この記事の表紙に使わせていただいた写真はai(@lomcf8)さん、動画はまいえ(@maa060203)さんが撮影したものです。 使用を快諾してくださったaiさん、まいえさん、ありがとうございました。



 

 本当は8月下旬には公開するつもりで準備していたのですが、内容を一部変更したらずるずる遅くなってしまいました。熟成下書きです。

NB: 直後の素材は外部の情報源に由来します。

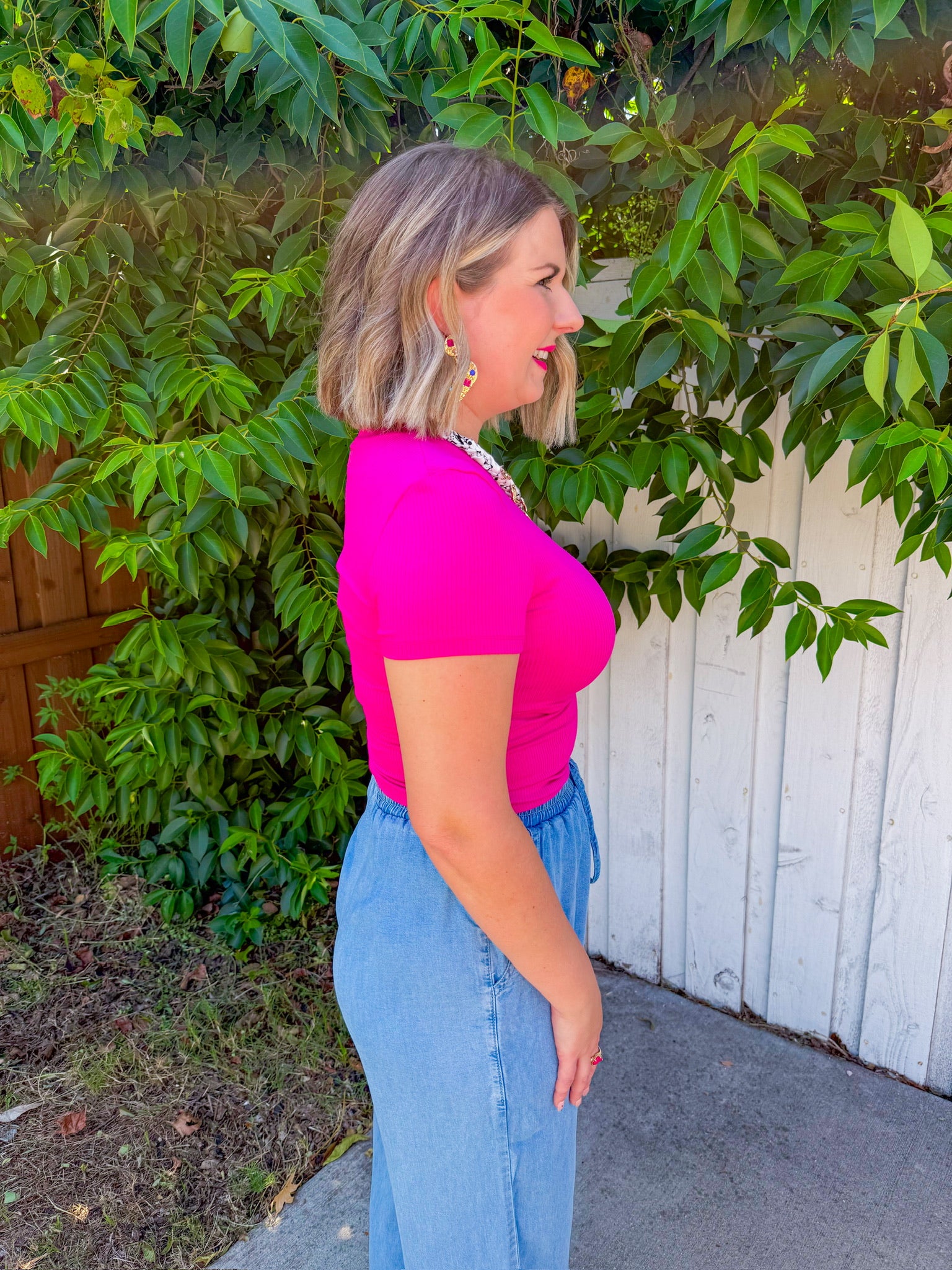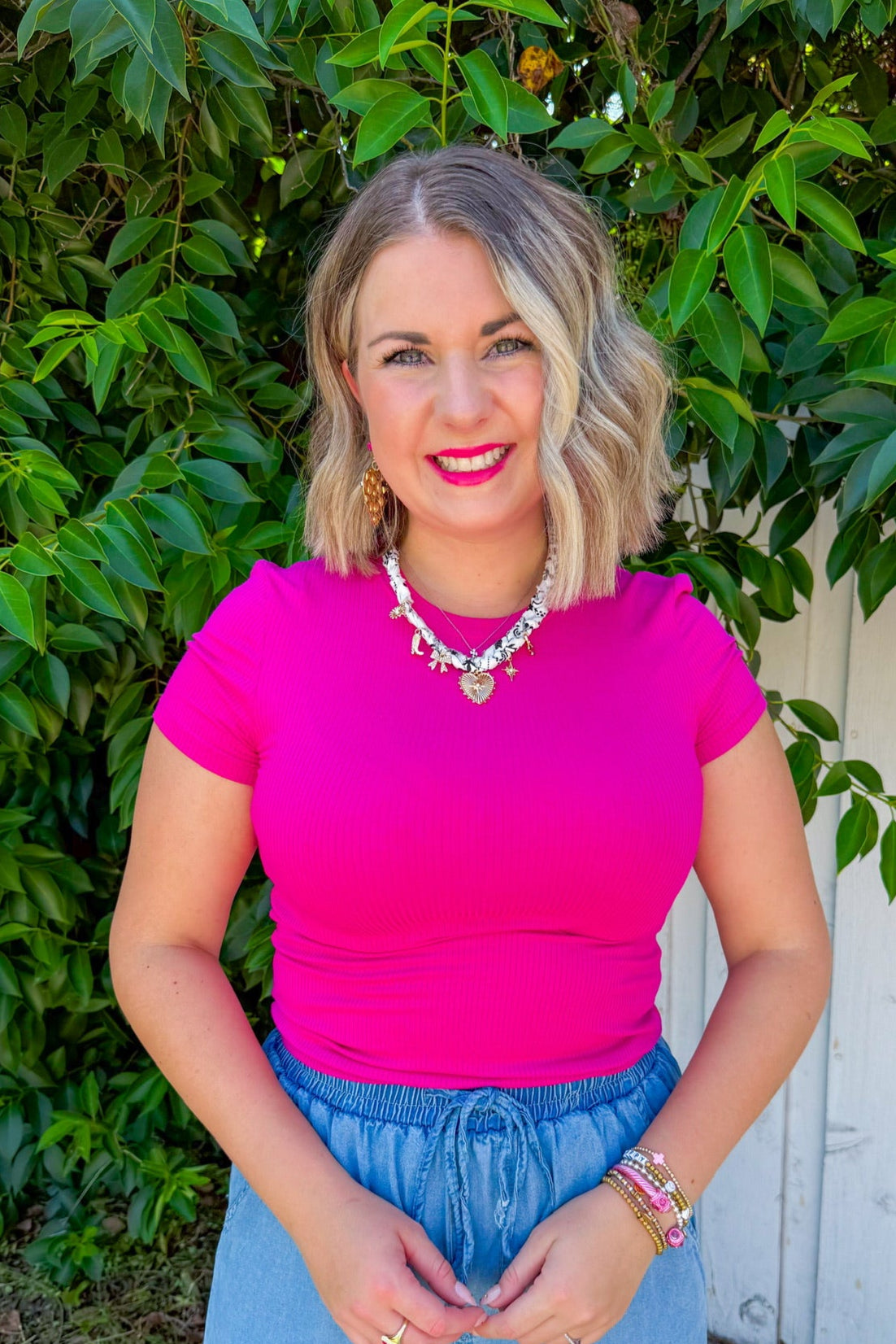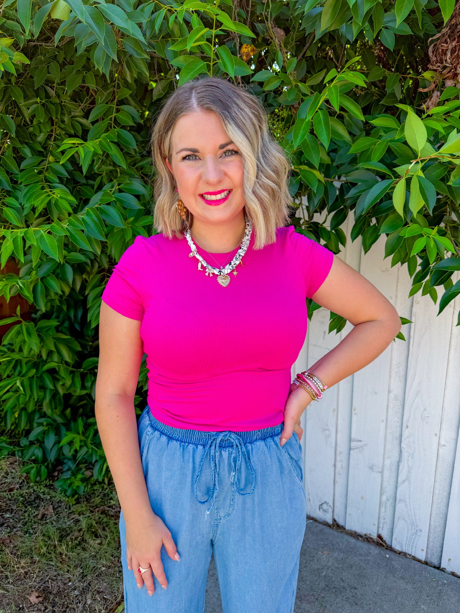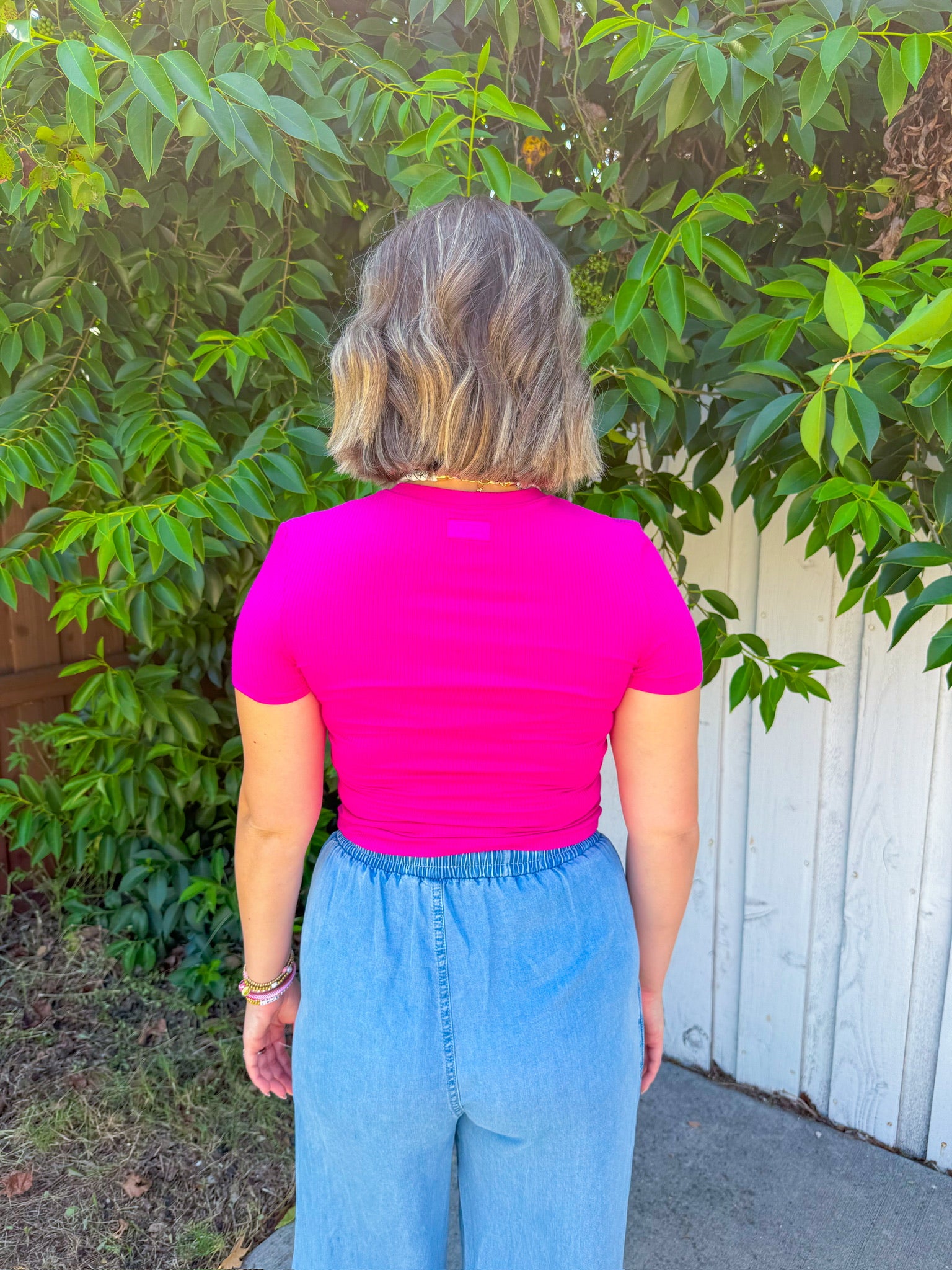 Embrace sporty comfort with the Miriam Ribbed Baby Tee in vibrant Chroma Pink. Its ribbed texture adds playful charm, making it perfect for casual days or layering with your favorite pieces.

 2023年に現地で観戦した試合は、オープン戦やファームを入れて43試合。そのうち9試合は遠征でした。14勝26敗3分。観戦試合も遠征も勝ちも負けも、すべてキャリアハイ。いっぱい負けたけれど、楽しくて充実した1年でした。
 いっしょに試合を見たり、わいわい喋ったり、現地で仲良くなったり、SNSでやりとりしたりしてくれた方たち、ありがとうございます!

 今年カメラにおさめた大島さんを少しだけ貼って、2023年の大島洋平定点観測を終えようと思います。

 アスリートとしての心身の強さや考え方を知れば知るほど、尊敬の念が深まります。凄い人ですね、大島さん。本当に凄すぎる。
 来季も若手とガチンコ勝負して、軽々とスタメンをかっさらっていく姿を見たいな。